_Exercise aim:_ For the data that follows, print the line with "Club Crew World", the line with "Шпатлевка по дереву", and all lines between them, exactly as they stand. Omit pictures and add nothing.

_Source material:_
+-------+
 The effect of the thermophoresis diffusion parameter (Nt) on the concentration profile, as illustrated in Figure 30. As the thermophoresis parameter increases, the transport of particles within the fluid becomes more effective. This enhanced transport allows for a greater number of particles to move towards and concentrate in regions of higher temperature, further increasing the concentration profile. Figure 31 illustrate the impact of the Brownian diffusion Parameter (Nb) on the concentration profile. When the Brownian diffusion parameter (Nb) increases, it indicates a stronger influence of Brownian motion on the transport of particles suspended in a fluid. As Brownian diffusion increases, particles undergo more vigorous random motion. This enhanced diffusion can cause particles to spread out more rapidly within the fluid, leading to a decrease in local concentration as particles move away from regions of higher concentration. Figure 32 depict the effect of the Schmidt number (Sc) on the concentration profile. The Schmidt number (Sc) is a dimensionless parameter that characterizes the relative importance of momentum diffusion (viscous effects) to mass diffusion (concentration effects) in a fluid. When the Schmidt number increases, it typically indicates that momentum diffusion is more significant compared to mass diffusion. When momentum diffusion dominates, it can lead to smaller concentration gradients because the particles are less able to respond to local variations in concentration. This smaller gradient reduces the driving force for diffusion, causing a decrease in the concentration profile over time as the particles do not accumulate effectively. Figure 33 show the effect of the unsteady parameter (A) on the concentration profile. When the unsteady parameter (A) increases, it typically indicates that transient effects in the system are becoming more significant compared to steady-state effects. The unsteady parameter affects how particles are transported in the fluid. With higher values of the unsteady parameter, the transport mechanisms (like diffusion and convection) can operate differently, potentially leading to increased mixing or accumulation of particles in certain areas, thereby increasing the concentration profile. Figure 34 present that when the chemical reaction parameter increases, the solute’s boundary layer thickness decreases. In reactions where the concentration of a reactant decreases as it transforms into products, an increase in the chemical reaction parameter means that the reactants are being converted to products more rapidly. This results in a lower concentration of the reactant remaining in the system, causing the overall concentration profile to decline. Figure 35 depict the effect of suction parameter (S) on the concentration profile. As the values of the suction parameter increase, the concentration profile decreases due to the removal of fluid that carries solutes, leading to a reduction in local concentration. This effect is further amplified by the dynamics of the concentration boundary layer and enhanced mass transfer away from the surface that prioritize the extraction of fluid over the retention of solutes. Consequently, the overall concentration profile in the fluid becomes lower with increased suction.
+-------+
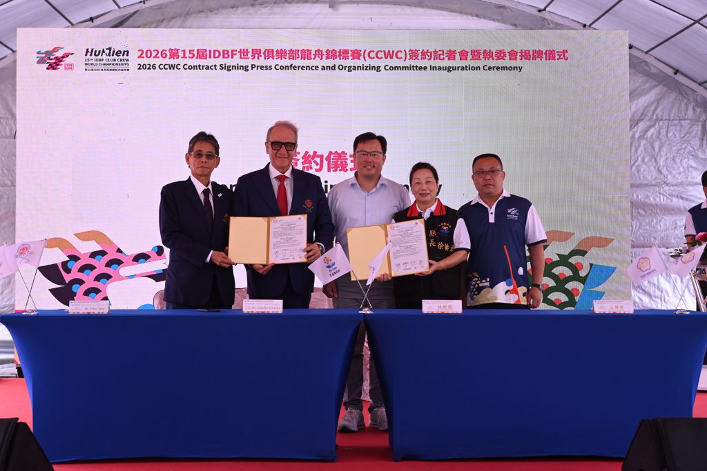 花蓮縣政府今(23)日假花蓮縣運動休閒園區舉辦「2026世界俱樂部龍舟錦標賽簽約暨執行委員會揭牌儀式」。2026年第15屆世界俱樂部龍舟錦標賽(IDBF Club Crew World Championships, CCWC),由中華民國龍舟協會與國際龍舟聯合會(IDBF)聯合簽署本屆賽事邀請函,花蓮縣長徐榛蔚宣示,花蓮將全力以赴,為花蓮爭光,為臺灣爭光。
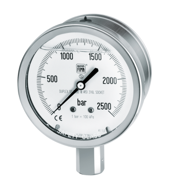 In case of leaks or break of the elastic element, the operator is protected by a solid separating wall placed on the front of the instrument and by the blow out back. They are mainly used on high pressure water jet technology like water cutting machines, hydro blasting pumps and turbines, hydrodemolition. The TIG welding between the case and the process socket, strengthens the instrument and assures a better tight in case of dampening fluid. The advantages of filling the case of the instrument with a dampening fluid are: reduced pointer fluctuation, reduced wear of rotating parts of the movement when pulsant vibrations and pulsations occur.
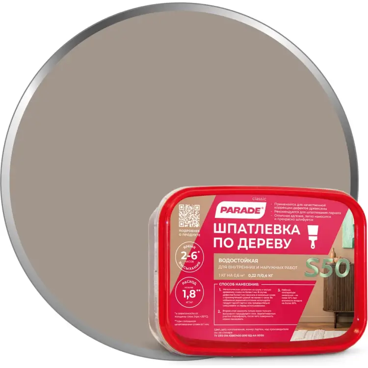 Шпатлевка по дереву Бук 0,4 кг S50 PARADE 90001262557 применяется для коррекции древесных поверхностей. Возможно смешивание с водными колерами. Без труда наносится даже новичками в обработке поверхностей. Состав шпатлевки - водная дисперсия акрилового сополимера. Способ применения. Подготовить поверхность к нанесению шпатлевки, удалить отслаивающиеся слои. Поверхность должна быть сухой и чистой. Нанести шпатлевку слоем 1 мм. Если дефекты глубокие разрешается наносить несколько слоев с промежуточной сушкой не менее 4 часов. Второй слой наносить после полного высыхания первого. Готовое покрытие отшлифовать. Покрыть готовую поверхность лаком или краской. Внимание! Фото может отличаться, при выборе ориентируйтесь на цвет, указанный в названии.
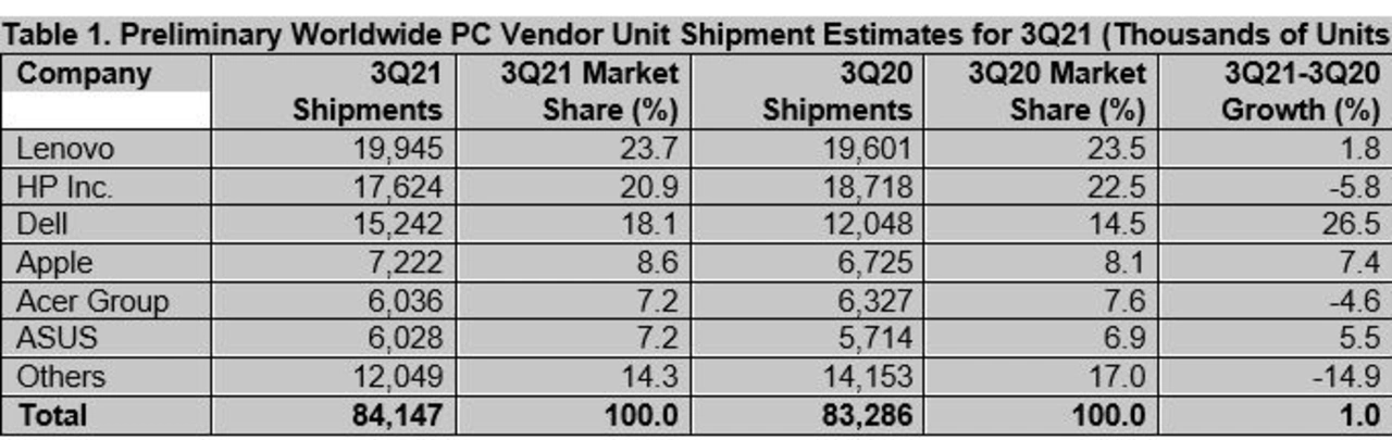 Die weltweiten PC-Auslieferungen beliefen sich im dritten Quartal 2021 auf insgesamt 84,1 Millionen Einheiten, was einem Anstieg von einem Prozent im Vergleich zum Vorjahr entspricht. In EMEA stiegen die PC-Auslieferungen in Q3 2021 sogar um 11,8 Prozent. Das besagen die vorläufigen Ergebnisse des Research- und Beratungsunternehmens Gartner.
+-------+
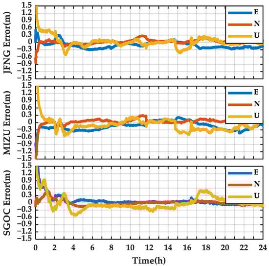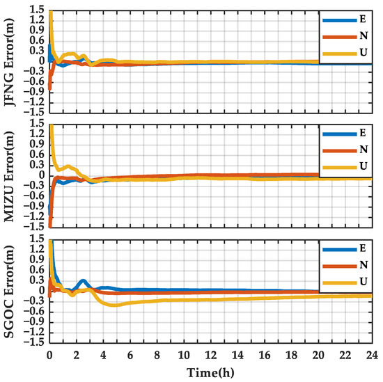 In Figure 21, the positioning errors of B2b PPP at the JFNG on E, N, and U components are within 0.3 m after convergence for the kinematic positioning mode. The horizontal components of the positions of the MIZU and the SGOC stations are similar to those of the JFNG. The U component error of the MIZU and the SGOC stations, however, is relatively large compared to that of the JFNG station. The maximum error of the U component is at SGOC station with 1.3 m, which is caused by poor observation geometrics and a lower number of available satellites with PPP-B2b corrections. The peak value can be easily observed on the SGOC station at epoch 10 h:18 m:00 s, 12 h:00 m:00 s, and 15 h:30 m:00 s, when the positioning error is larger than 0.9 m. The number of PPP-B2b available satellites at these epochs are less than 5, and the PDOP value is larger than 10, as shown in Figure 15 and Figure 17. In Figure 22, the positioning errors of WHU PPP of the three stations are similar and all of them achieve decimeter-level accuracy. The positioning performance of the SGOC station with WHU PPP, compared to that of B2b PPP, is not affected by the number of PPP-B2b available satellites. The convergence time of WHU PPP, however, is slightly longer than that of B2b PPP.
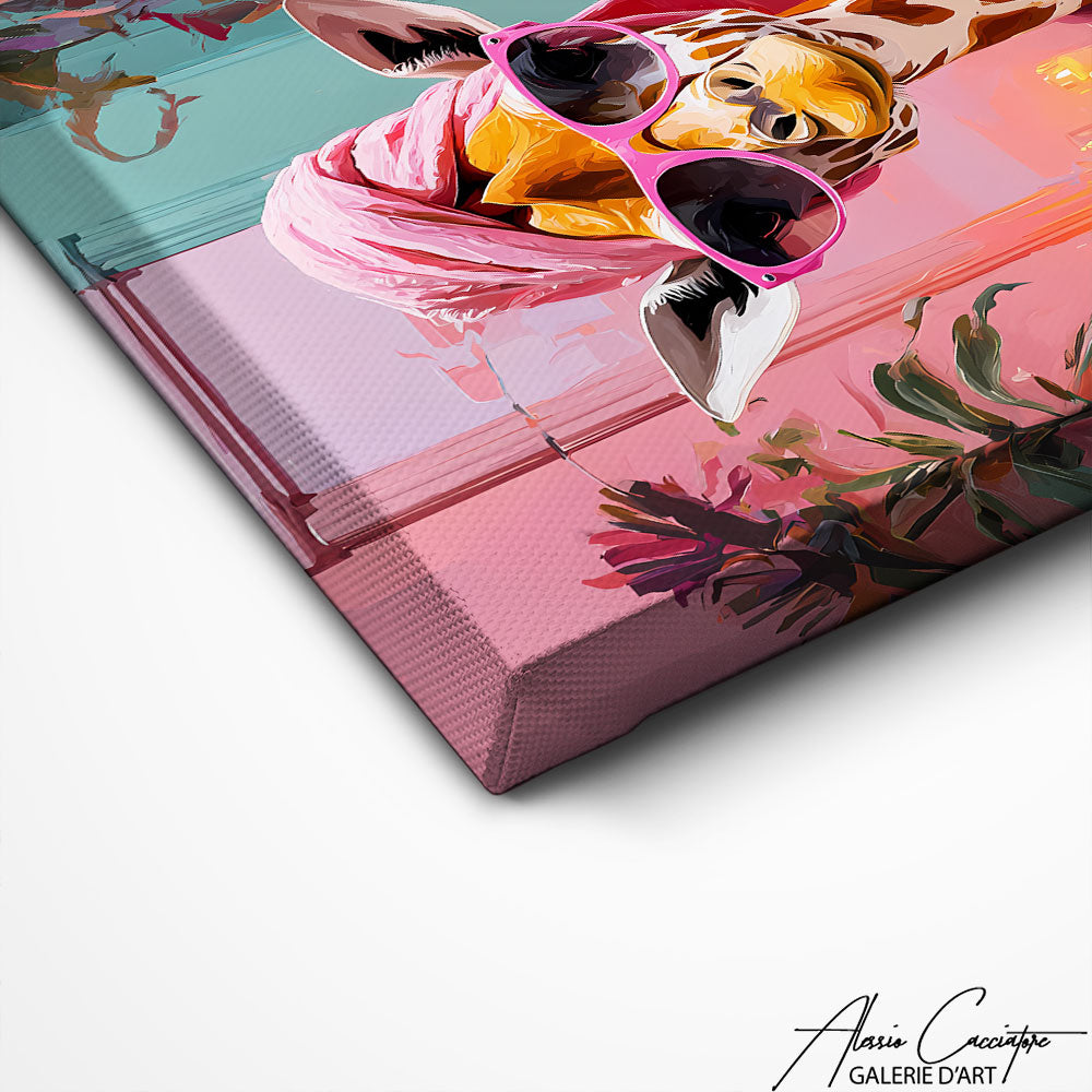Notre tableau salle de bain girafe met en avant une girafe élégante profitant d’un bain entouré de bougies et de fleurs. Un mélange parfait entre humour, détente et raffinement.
+-------+
_Result:_
 花蓮縣政府今(23)日假花蓮縣運動休閒園區舉辦「2026世界俱樂部龍舟錦標賽簽約暨執行委員會揭牌儀式」。2026年第15屆世界俱樂部龍舟錦標賽(IDBF Club Crew World Championships, CCWC),由中華民國龍舟協會與國際龍舟聯合會(IDBF)聯合簽署本屆賽事邀請函,花蓮縣長徐榛蔚宣示,花蓮將全力以赴,為花蓮爭光,為臺灣爭光。
 In case of leaks or break of the elastic element, the operator is protected by a solid separating wall placed on the front of the instrument and by the blow out back. They are mainly used on high pressure water jet technology like water cutting machines, hydro blasting pumps and turbines, hydrodemolition. The TIG welding between the case and the process socket, strengthens the instrument and assures a better tight in case of dampening fluid. The advantages of filling the case of the instrument with a dampening fluid are: reduced pointer fluctuation, reduced wear of rotating parts of the movement when pulsant vibrations and pulsations occur.
 Шпатлевка по дереву Бук 0,4 кг S50 PARADE 90001262557 применяется для коррекции древесных поверхностей. Возможно смешивание с водными колерами. Без труда наносится даже новичками в обработке поверхностей. Состав шпатлевки - водная дисперсия акрилового сополимера. Способ применения. Подготовить поверхность к нанесению шпатлевки, удалить отслаивающиеся слои. Поверхность должна быть сухой и чистой. Нанести шпатлевку слоем 1 мм. Если дефекты глубокие разрешается наносить несколько слоев с промежуточной сушкой не менее 4 часов. Второй слой наносить после полного высыхания первого. Готовое покрытие отшлифовать. Покрыть готовую поверхность лаком или краской. Внимание! Фото может отличаться, при выборе ориентируйтесь на цвет, указанный в названии.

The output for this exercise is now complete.